Катя достала папку и прошла к доске. Солнце защекотало девочке нос, она вдохнула побольше воздуха и оглушительно чихнула. Класс дружно захохотал. Марина Максимовна хлопнула указкой по столу, восстанавливая порядок.

— Я вам дам! — погрозила Катя кулаком всему классу.

Несколько минут она читала обычную рутину о значении Юрьева в мировой литературе, о его знаменитых произведениях и прорыве, который он совершил. Зачитала восторженные отзывы критиков. Показала студийную фотографию хорошо одетого молодого человека с бородкой, модной во все времена. Но когда Катя начала рассказывать о роскошной жизни писателя, о двухэтажном особняке и вилле в Испании, она сначала захихикала, а потом и вовсе зашлась в приступе неудержимого смеха.

— Что с тобой, Катя? Тебе нехорошо? — всполошилась Марина Максимовна.

— Да все хорошо, — ответила девочка, сняв очки и утирая слезы. — Фейк этот ваш Юрьев. Вранье одно.

— Какое вранье? Ты что несешь?

— Жил Юрьев, как бомж, никому не нужный. Все пропил, ошивался по помойкам и подавился собственной блевотиной. Его мой дед создал — главред в издательстве. Он же и деньги давал на развитие города.

— Но как же произведения Юрьева!

— Вот только книжки он и умел писать. А как говорил мой дед, писанина кормить не будет. Это самое последнее дело — в звезду можно кого хочешь превратить. Гляньте на нашу эстраду. А вот он, Юрьев какой на самом деле!

И девочка бросила на стол фотографию, сделанную много лет назад в комнате общежития. Учительница взвизгнула, вскочила со стула и попятилась:

— Убери эту гадость! Зачем ты ее принесла?

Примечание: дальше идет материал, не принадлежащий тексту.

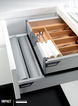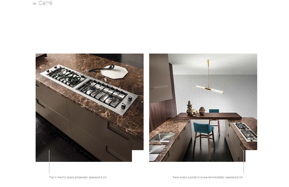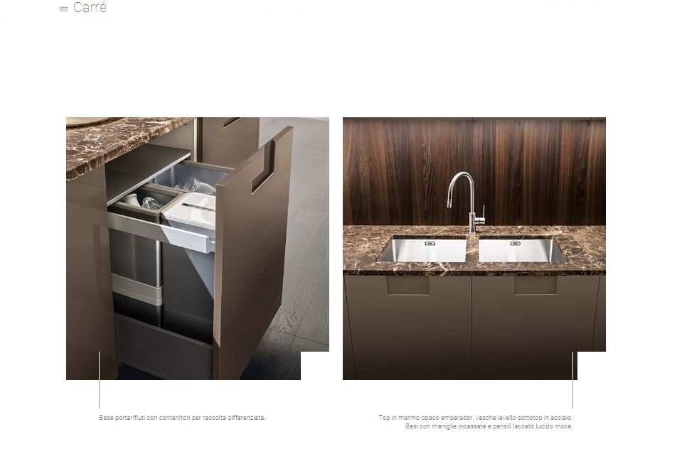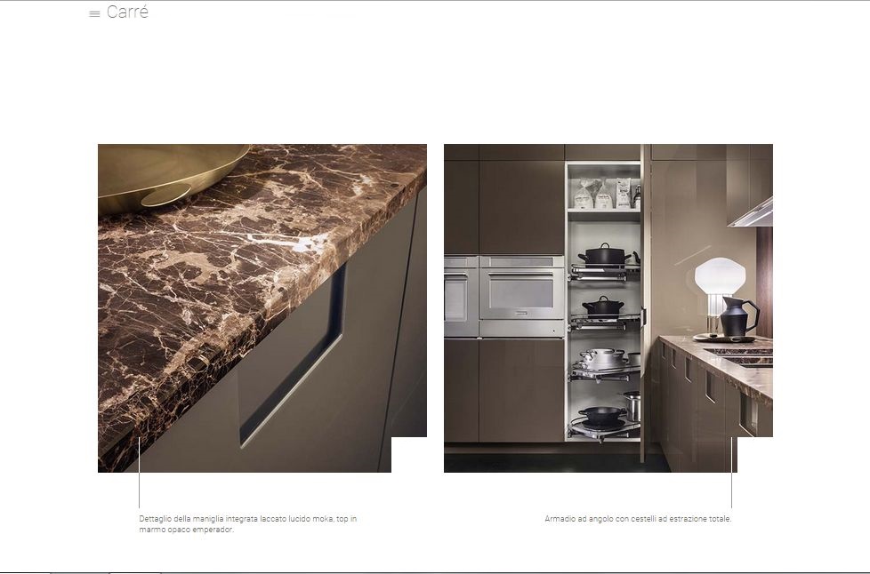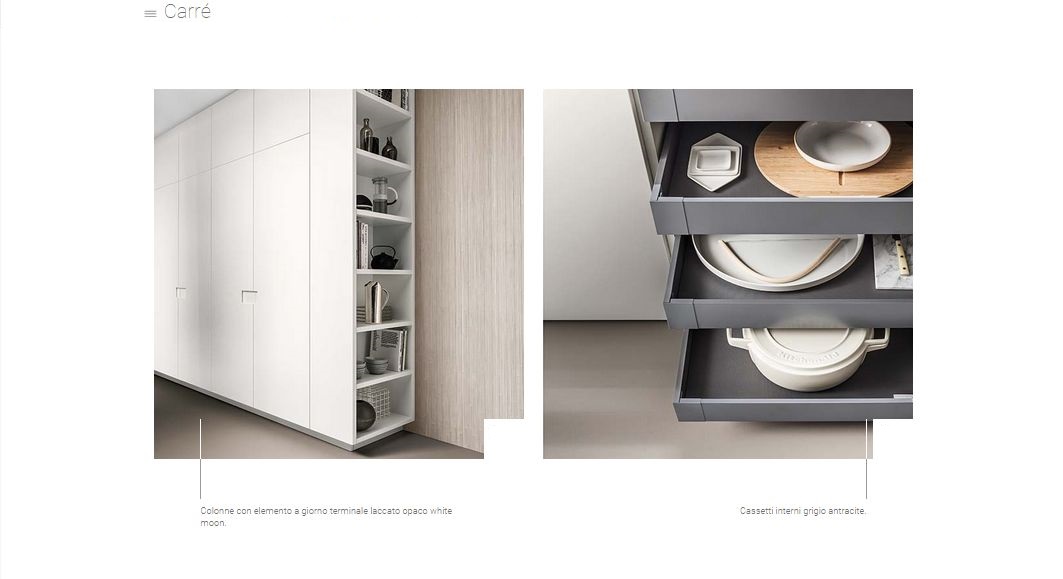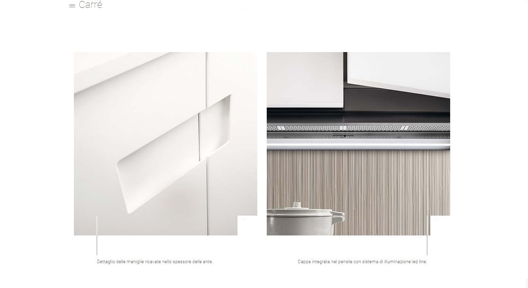 Caratteristica di Carrè è la maniglia, che si trasforma in un elegante incavo nell’anta ed è realizzabile in ben 230.000 tra forme, dimensioni e colori.

— Что, рухнули ваши идеалы, да? Мне мама всегда говорила, что говорить неправду — плохо. А кругом все врут, все! Чему вы детей научите, а? Чему?

Учительница билась в истерике. Кто-то вызвал скорую, и ее увезли. Она хихикала и все время повторяла: «Писанина кормить не будет».

Поражение

В коридорах замка стоял мутный, почти осязаемый сумрак. Харрисон поднял гиперзвуковой пистолет и нажал на спуск. Тяжелую дверь вынесло вместе с косяком. Два оглушенных стражника уже поднимались на ноги, мотая головами, и Харрисон выстрелом превратил их в кровавые лохмотья. Путь в покои герцога Брамадорского был свободен…

Дзыыыынь! Дзыыыынь! Настойчиво задребезжал старый звонок, прикрученный ржавой проволокой к потолку. Нечесаный старик в драной майке с засохшими пятнами грязи, оторвался от экрана ноутбука, с ненавистью посмотрел на дверь и с любовью — на непочатую бутылку дорогой водки с криво наклеенной бумажкой «на случай творческого кризиса». Звонок задребезжал снова.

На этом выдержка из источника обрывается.